* WORK ITEM
With the pictures left out, restate exactly the part below that opens with the line containing "Beim Landeswettbewerb „Jugend" and closes with the line containing "Exemplary protocol for".

* RECORDS FOR THE EXERCISE
= Beginning of Section =

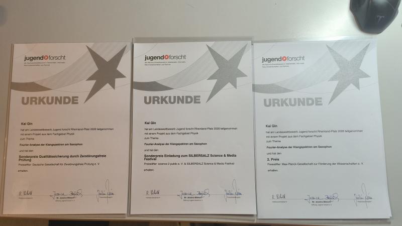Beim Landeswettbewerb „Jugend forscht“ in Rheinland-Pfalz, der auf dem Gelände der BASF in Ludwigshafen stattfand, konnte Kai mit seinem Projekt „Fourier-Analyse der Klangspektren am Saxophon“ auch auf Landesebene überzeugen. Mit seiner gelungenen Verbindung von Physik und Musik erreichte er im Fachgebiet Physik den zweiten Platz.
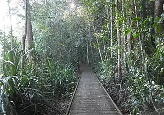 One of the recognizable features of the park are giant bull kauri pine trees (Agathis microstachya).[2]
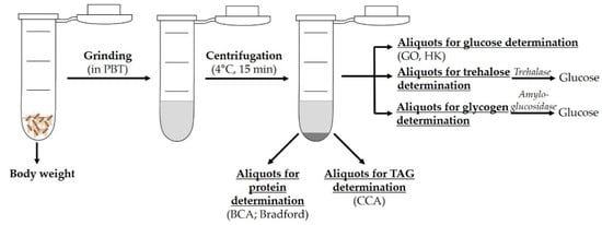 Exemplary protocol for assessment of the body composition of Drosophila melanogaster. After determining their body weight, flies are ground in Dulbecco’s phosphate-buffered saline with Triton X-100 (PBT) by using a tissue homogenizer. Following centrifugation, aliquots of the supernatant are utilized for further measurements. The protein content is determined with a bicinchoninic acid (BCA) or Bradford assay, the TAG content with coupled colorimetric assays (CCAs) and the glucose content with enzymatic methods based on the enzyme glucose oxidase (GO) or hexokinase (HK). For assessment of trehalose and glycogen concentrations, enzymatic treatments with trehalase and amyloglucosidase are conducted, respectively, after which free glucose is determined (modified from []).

= End of Section =
= Beginning of Section =

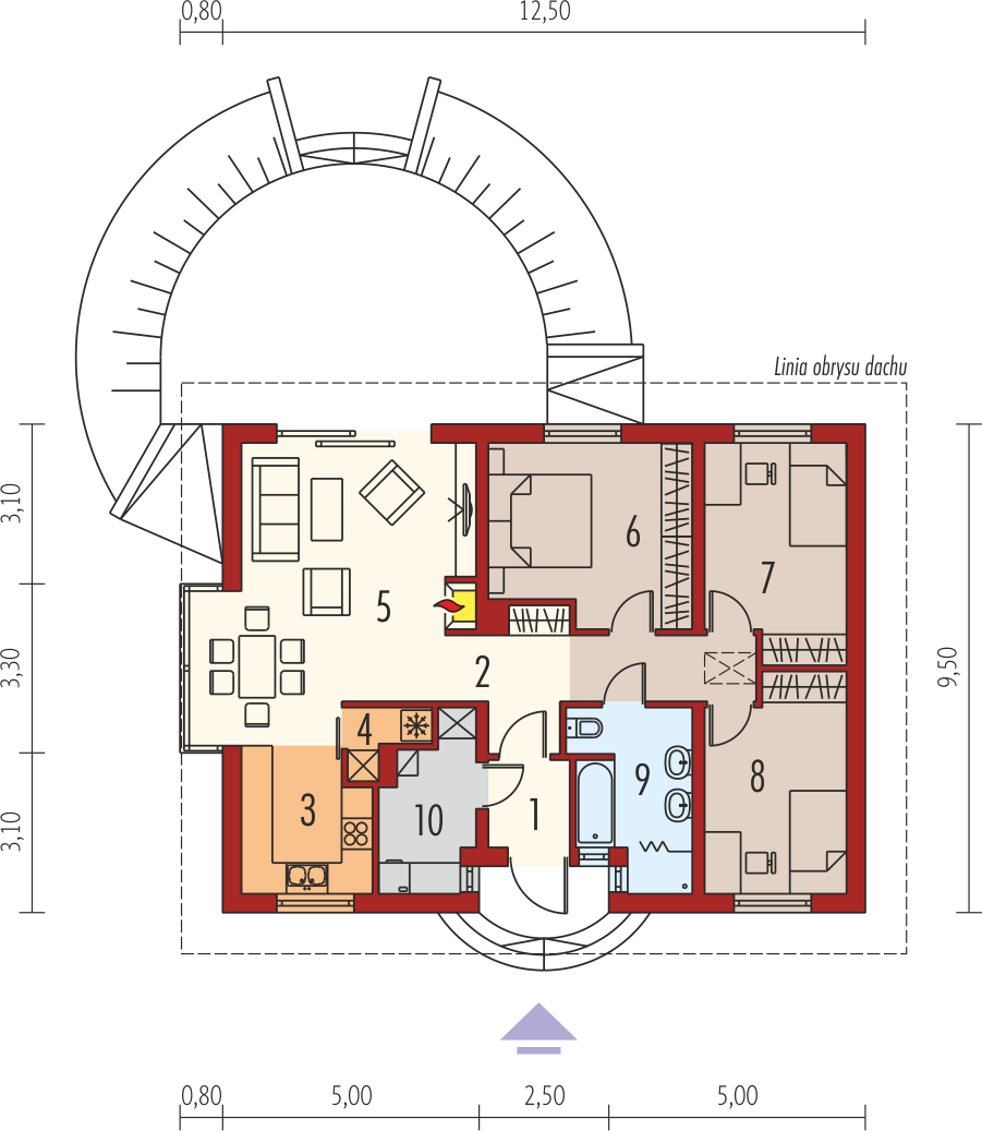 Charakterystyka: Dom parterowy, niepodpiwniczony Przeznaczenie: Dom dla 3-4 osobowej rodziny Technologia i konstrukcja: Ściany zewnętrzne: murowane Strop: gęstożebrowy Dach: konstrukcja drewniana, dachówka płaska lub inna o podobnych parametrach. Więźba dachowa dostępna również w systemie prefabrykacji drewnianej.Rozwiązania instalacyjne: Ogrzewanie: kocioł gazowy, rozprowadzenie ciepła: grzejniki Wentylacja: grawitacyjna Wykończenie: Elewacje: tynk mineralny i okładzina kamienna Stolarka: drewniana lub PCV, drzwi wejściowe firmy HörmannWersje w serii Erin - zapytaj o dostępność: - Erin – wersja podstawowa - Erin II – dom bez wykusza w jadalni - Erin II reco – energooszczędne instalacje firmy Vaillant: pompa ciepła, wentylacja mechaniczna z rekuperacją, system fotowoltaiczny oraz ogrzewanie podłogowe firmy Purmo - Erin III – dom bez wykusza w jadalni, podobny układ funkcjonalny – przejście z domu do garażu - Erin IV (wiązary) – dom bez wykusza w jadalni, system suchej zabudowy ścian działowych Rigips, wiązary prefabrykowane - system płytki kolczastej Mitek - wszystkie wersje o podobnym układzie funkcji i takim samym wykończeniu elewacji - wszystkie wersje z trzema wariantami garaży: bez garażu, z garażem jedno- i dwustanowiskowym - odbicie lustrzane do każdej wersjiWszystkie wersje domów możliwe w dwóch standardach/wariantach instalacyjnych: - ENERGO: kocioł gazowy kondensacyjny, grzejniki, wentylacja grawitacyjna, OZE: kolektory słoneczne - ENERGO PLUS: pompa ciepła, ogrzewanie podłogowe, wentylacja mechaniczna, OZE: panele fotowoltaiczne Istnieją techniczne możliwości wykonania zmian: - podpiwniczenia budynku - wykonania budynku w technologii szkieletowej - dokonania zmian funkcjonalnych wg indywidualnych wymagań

= End of Section =

* RESPONSE
Beim Landeswettbewerb „Jugend forscht“ in Rheinland-Pfalz, der auf dem Gelände der BASF in Ludwigshafen stattfand, konnte Kai mit seinem Projekt „Fourier-Analyse der Klangspektren am Saxophon“ auch auf Landesebene überzeugen. Mit seiner gelungenen Verbindung von Physik und Musik erreichte er im Fachgebiet Physik den zweiten Platz.
 One of the recognizable features of the park are giant bull kauri pine trees (Agathis microstachya).[2]
 Exemplary protocol for assessment of the body composition of Drosophila melanogaster. After determining their body weight, flies are ground in Dulbecco’s phosphate-buffered saline with Triton X-100 (PBT) by using a tissue homogenizer. Following centrifugation, aliquots of the supernatant are utilized for further measurements. The protein content is determined with a bicinchoninic acid (BCA) or Bradford assay, the TAG content with coupled colorimetric assays (CCAs) and the glucose content with enzymatic methods based on the enzyme glucose oxidase (GO) or hexokinase (HK). For assessment of trehalose and glycogen concentrations, enzymatic treatments with trehalase and amyloglucosidase are conducted, respectively, after which free glucose is determined (modified from []).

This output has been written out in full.